Конечно, Яна не обладала железными нервами. И поэтому отвечала на вопросы артистов за пять минут до начала спектакля с большим волнением. А всех, естественно, волновал вопрос: почему Цветкова решила выйти вместо Абрикосовой? И где сейчас Настя Абрикосова, почему она не явилась на спектакль? Яна решила не морочить всем голову затейливыми рассказами, а сказала просто: «Меня попросила о замене сама Настя. Я согласилась. Все подробности будут потом».
– А где твой отец? – спросила с тревогой Яну ее мама, Валентина Петровна, одетая в костюм мачехи. – Пьёт в гримёрке?
– Мама, давай не сейчас. У вас же перемирие!
– Откуда ты знаешь про перемирие? – удивилась Валентина Петровна.
– Отец сказал. Он сейчас придёт. Не волнуйся.
– Приготовиться! – громко объявили по внутренней связи.
– Полный зал! Полный зал… А комиссия? Комиссия пришла… – раздалось последнее шушуканье за кулисами и заиграла музыка.
Открылся занавес и началось первое действие. Яна посмотрела в зрительный зал – и лучше бы она этого не делала! В третьем ряду на лучших местах она увидела Мартина, а рядом с ним Ольгу Федосеенко. Интересно, что они забыли на детском спектакле провинциального театра? Ишь, воркуют как голубки, склоняясь друг к другу головами. Вот тихонько засмеялись – весело им! Ну, Мартин, погоди! Как говорится «красный пролетарский серп сверкнёт над твоей башкой!».
Яна вышла на сцену и постаралась не смотреть в зрительный зал. Она была так зла, что ей стало просто нехорошо. Чтобы прийти в себя ей пришлось несколько раз глубоко вздохнуть, словно она ныряла в воду. Постепенно она успокоилась и даже сорвала несколько раз аплодисменты зрительного зала.

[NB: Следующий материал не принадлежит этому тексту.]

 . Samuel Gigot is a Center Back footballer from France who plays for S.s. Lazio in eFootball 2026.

После небольшого антракта она снова увидела Мартина в зале. Он уже был один, детский спектакль, видно, надоел его старой-новой пассии, и она покинула зрительный зал. А Мартин остался. Почему?

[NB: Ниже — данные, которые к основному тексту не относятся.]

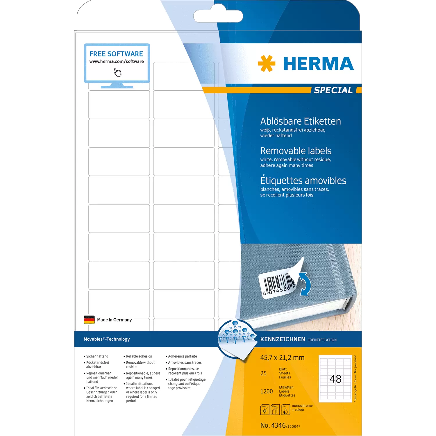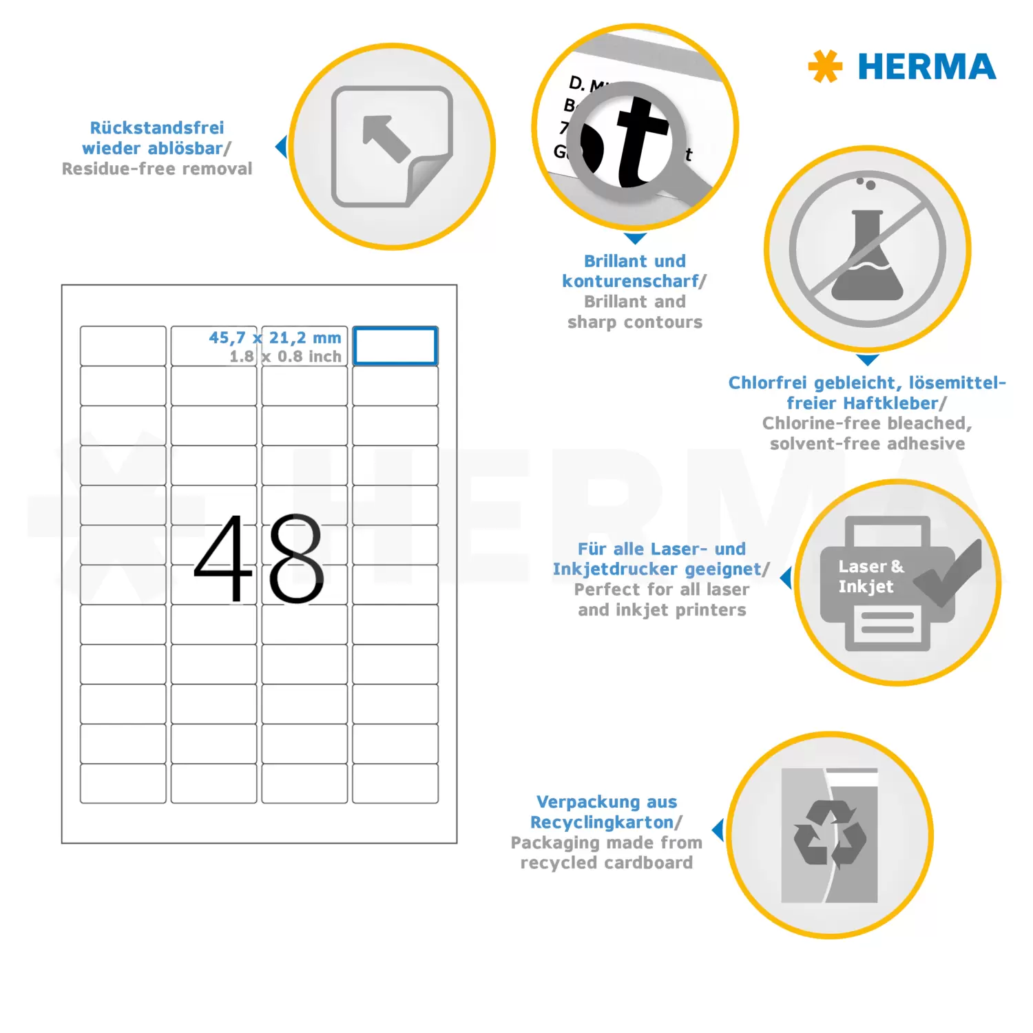 Etiquetas despegables, A4, 45,7 x 21,2 mm, blancas

И тут Яна поняла. Скорее всего в комиссии находится какой-нибудь друг Мартина, который пригласил его на спектакль в роли независимого эксперта. Для кого-то мнение Вейкина важно, вот он и сидит, как приклееный к креслу. А подруга его не выдержала.
Яна дёрнула плечом, словно приняла решение.
– Сейчас мне надо сконцентрироваться только на роли, – сказала она себе. – Милая, глупая, наивная Настенька, но в то же время героиня, которая не побоится оборотня-медведя и наденет тому на башку ведро. А еще я должна понравится Морозке, иначе он превратит меня в ледышку.
И вот трагическая сцена, когда Настенька, убираясь у Морозко в ледяном тереме, должна дотронуться рукой до морозильного посоха.
Яна-Настенька пела песенку и подметала горницу, всё ближе и ближе приближаясь к страшному посоху, который забывчивый Морозко оставил в тереме Настеньке на погибель. И вот Настенька протянула руку к посоху, стараясь спасти птичку, севшую с лёту на макушку посоха, увенчанную пятиконечной блестящей звездой.
Птичка замёрзла и со звоном упала на пол, а Настенька вместо того, чтобы тронуть волшебную палку и замёрзнуть насмерть, стоит, открыв рот и пялится на посох, словно увидела чудо.
Яну посетило озарение.
Она увидела, что один конец на звезде отломан. А остальные все как один, напоминают предмет, который нашли в теле Аглаи Алмазовой.
Пауза несколько затянулась. В зале послышался сначала робкий шёпот, а потом и приглушенные крики:
– Дотронься до посоха!..
– Настя, умирай!
– Да что она, не слышит?..
– Падай, тебе говорят!
Артисты, столпившись за кулисами, тоже шипели:
– Янка, падай!
– Ты чего застыла, дура?
– Нет, я просто не могу… Дайте мне воды! Да падай же!
В этот момент Яна словно очнулась, плавно повела рукой и коснулась посоха. Зал замер. Яна покачнулась и красиво упала на спину, картинно откинув правую руку. Зал облегчённо вздохнул.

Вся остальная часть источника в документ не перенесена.